**Data shown:**
+ + + + +

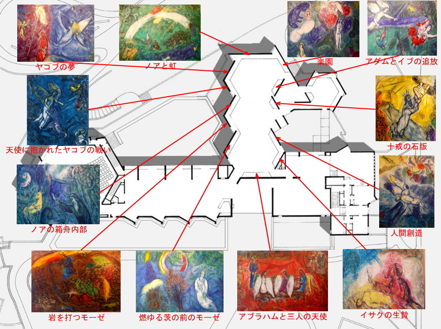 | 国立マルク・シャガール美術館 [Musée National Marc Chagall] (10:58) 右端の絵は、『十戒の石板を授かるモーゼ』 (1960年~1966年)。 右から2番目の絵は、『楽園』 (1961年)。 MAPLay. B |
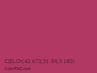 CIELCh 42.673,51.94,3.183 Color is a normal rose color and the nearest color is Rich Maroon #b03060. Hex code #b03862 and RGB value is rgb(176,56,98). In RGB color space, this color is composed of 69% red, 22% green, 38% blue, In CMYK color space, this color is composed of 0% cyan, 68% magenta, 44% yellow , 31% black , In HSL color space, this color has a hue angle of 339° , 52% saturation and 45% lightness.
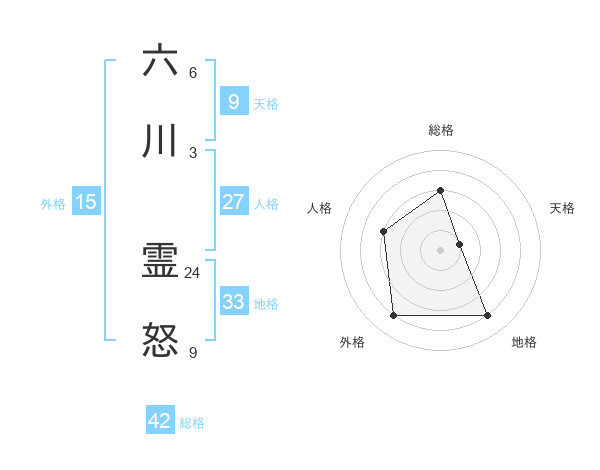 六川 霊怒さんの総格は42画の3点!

+ + + + +

**What you will do:** Copy out the material above in full and exactly, but with no pictures.

**Response area:**
 | 国立マルク・シャガール美術館 [Musée National Marc Chagall] (10:58) 右端の絵は、『十戒の石板を授かるモーゼ』 (1960年~1966年)。 右から2番目の絵は、『楽園』 (1961年)。 MAPLay. B |
 CIELCh 42.673,51.94,3.183 Color is a normal rose color and the nearest color is Rich Maroon #b03060. Hex code #b03862 and RGB value is rgb(176,56,98). In RGB color space, this color is composed of 69% red, 22% green, 38% blue, In CMYK color space, this color is composed of 0% cyan, 68% magenta, 44% yellow , 31% black , In HSL color space, this color has a hue angle of 339° , 52% saturation and 45% lightness.
 六川 霊怒さんの総格は42画の3点!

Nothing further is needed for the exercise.